[2/3] net/bnxt: fix ver get HWRM command

Message ID 20210304090728.26166-3-kalesh-anakkur.purayil@broadcom.com (mailing list archive)
State Accepted, archived
Delegated to: Ajit Khaparde
Headers
Series bnxt fixes |

Checks

Context Check Description
ci/checkpatch success coding style OK

Commit Message

Kalesh A P March 4, 2021, 9:07 a.m. UTC
  From: Kalesh AP <kalesh-anakkur.purayil@broadcom.com>

Fix HWRM_VER_GET command to handle DEV_NOT_RDY state.

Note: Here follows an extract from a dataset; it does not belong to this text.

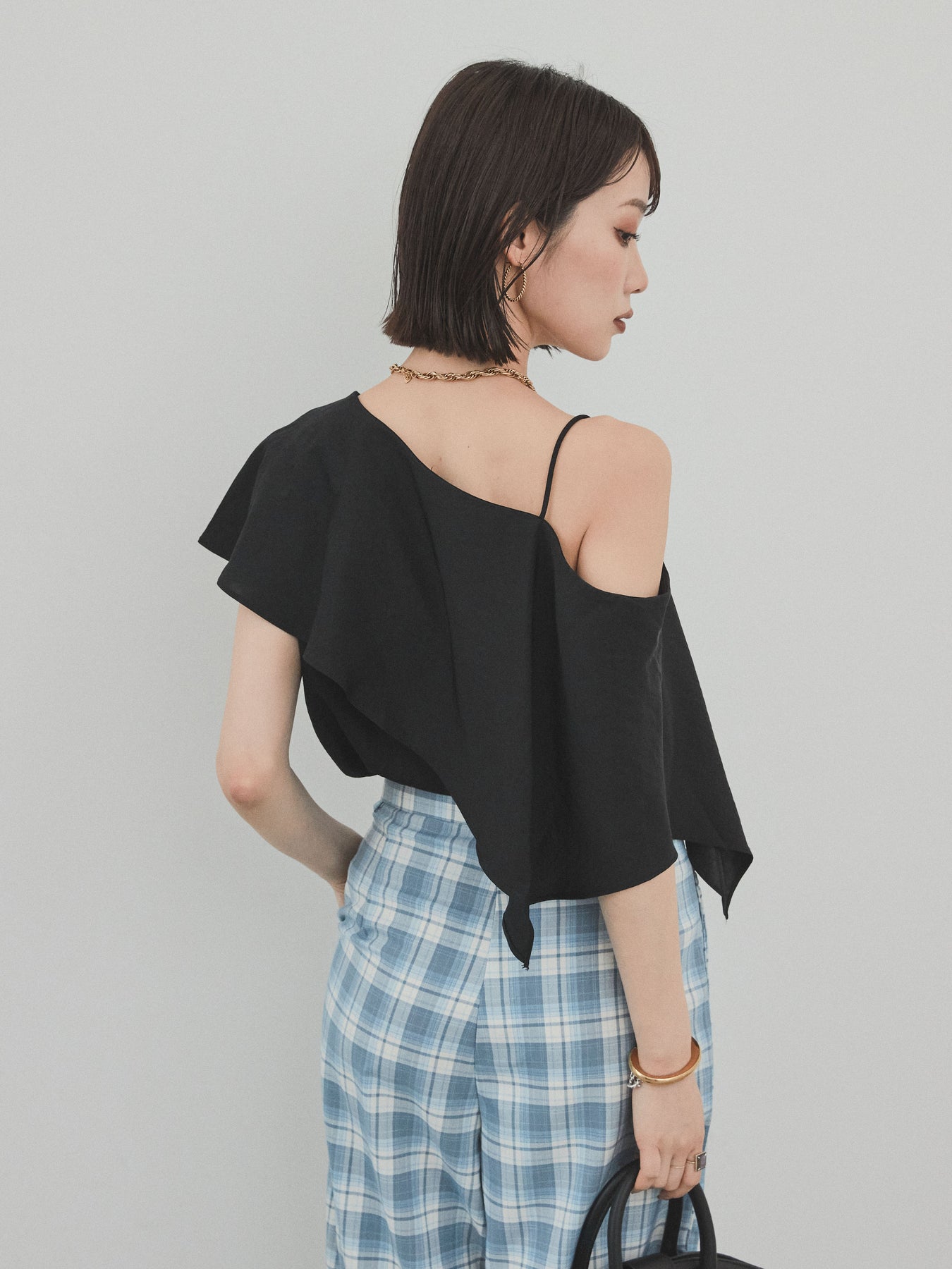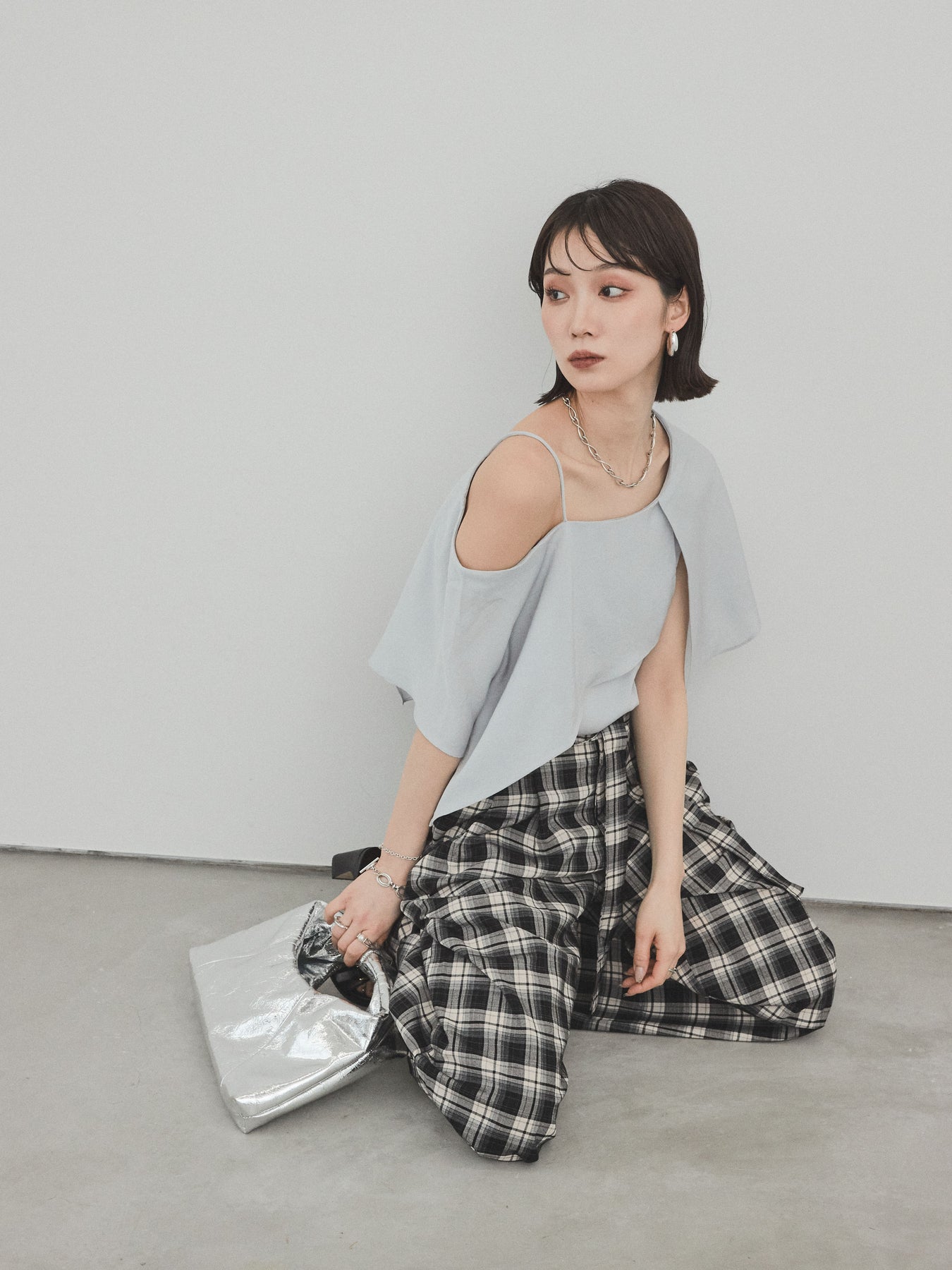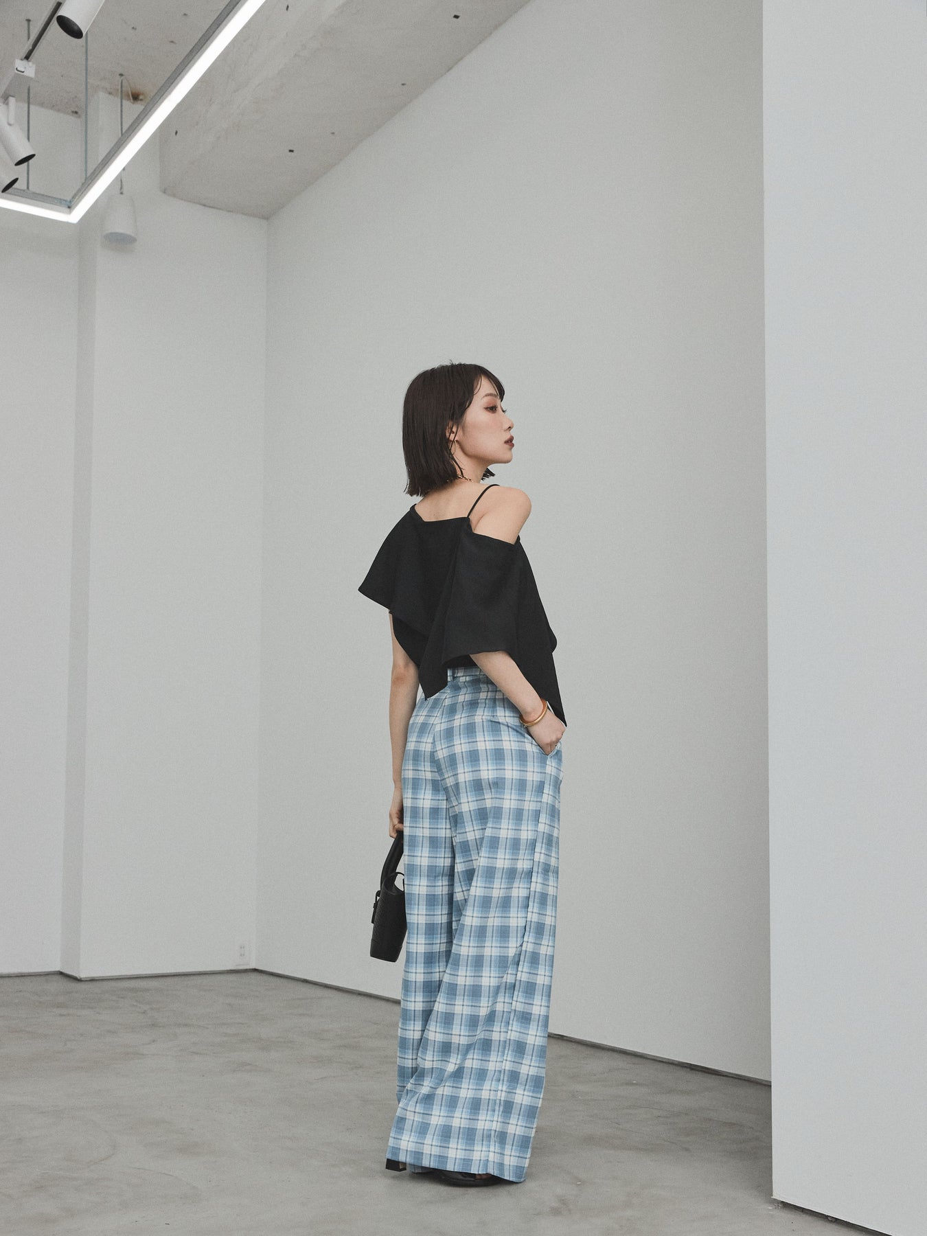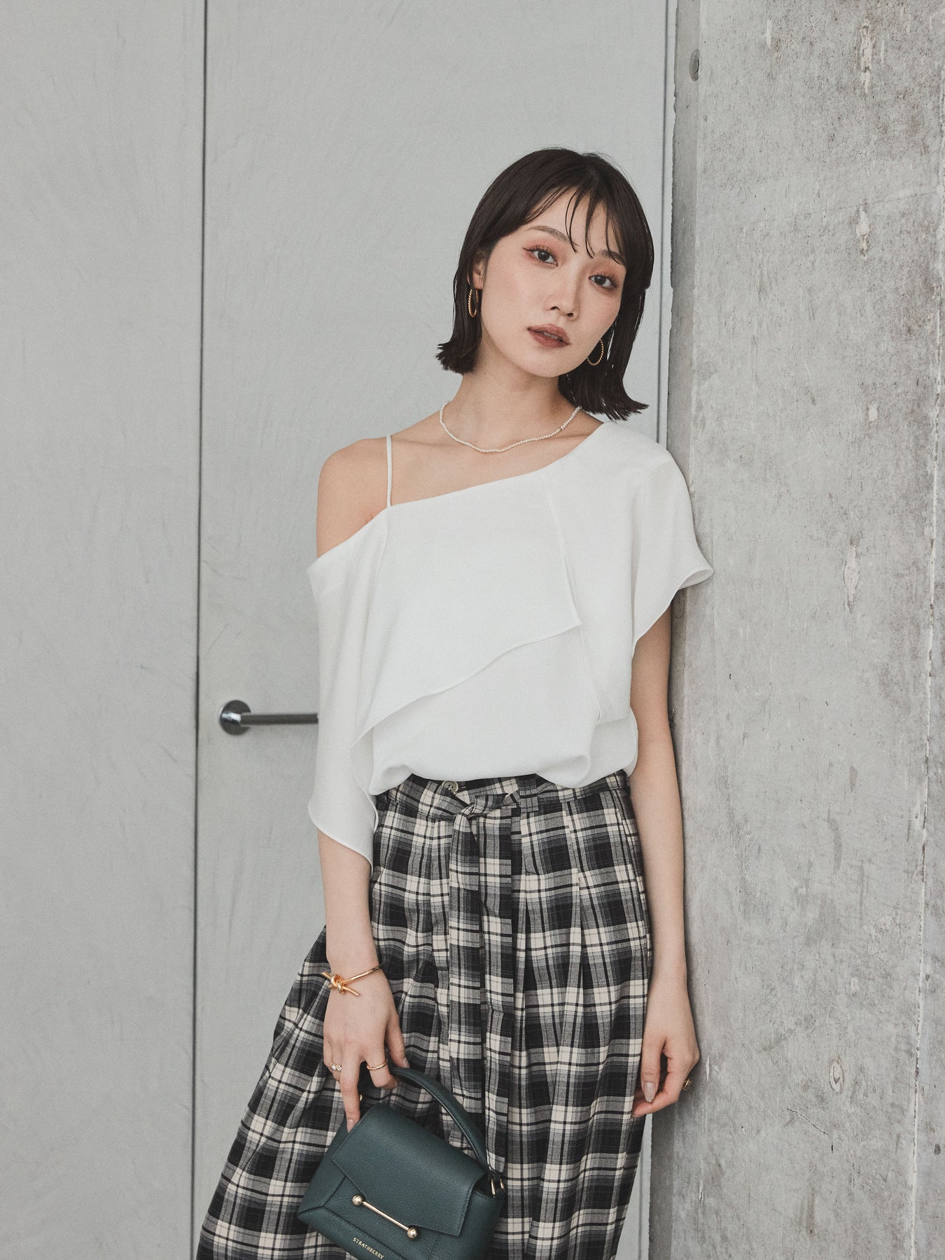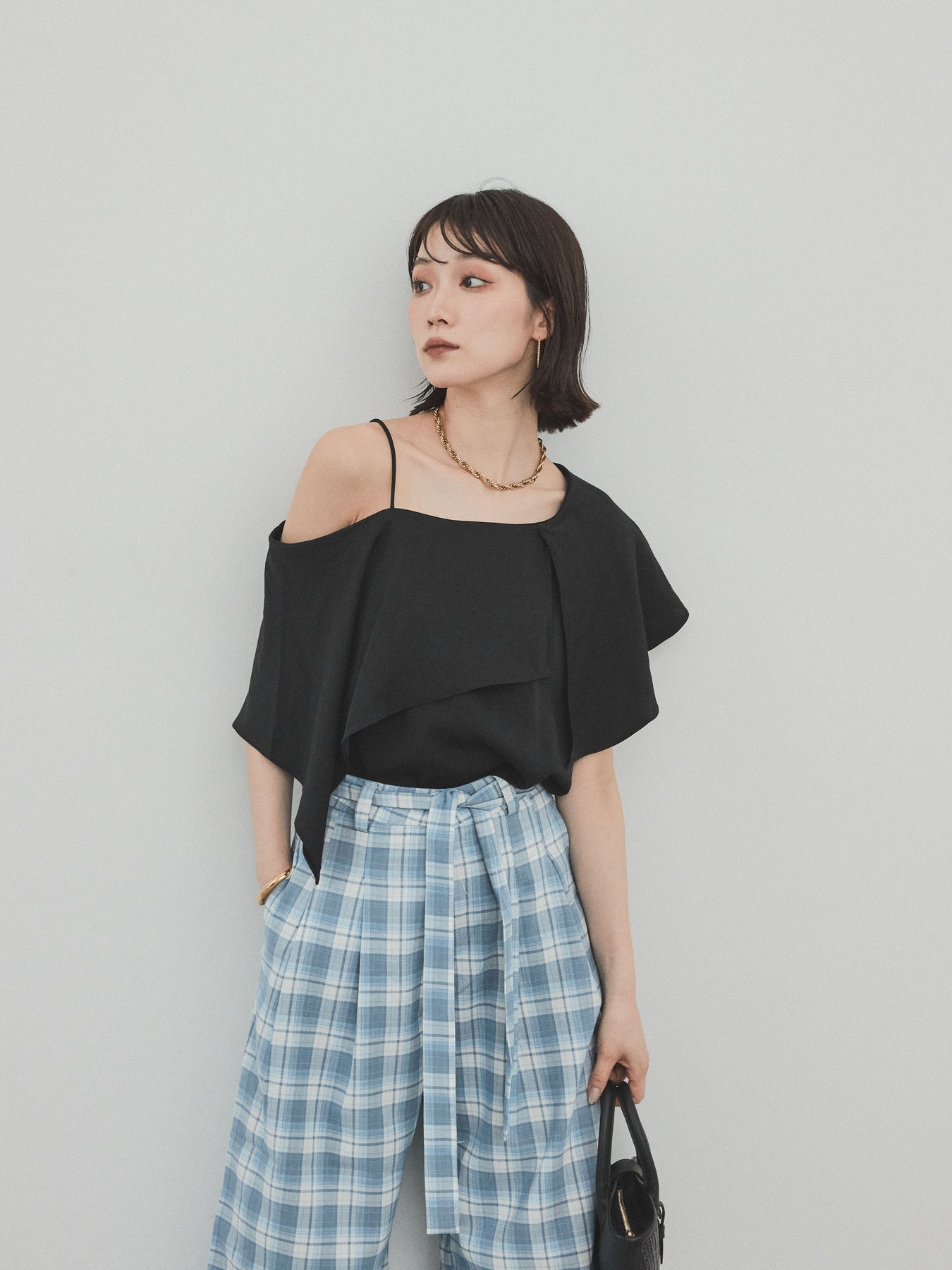 [SET]ワンショルラッフルブラウス+チェック柄ワイドパンツ(2set)

Driver should fail probe if the device is not ready.
Conversely, the HWRM_VER_GET poll after reset can safely
retry until the existing timeout is exceeded.

Fixes: 804e746c7b73 ("net/bnxt: add hardware resource manager init code")
Cc: stable@dpdk.org

Signed-off-by: Kalesh AP <kalesh-anakkur.purayil@broadcom.com>
Reviewed-by: Somnath Kotur <somnath.kotur@broadcom.com>
Reviewed-by: Randy Schacher <stuart.schacher@broadcom.com>
Reviewed-by: Ajit Kumar Khaparde <ajit.khaparde@broadcom.com>
---
 drivers/net/bnxt/bnxt_hwrm.c | 9 +++++++++
 1 file changed, 9 insertions(+)
  

Comments

David Marchand March 1, 2022, 12:53 p.m. UTC | #1
Hello,

On Thu, Mar 4, 2021 at 9:45 AM Kalesh A P
<kalesh-anakkur.purayil@broadcom.com> wrote:
>
> From: Kalesh AP <kalesh-anakkur.purayil@broadcom.com>
>
> Fix HWRM_VER_GET command to handle DEV_NOT_RDY state.
>
> Driver should fail probe if the device is not ready.
> Conversely, the HWRM_VER_GET poll after reset can safely
> retry until the existing timeout is exceeded.
>
> Fixes: 804e746c7b73 ("net/bnxt: add hardware resource manager init code")
> Cc: stable@dpdk.org
>
> Signed-off-by: Kalesh AP <kalesh-anakkur.purayil@broadcom.com>
> Reviewed-by: Somnath Kotur <somnath.kotur@broadcom.com>
> Reviewed-by: Randy Schacher <stuart.schacher@broadcom.com>
> Reviewed-by: Ajit Kumar Khaparde <ajit.khaparde@broadcom.com>

This patch makes probing fail on a RHEL9 kernel with firmwares:
firmware-version: 20.6.143.0/pkg 20.06.04.06
and
firmware-version: 20.6.112.0

Simply reverting the patch fixes probing in my env.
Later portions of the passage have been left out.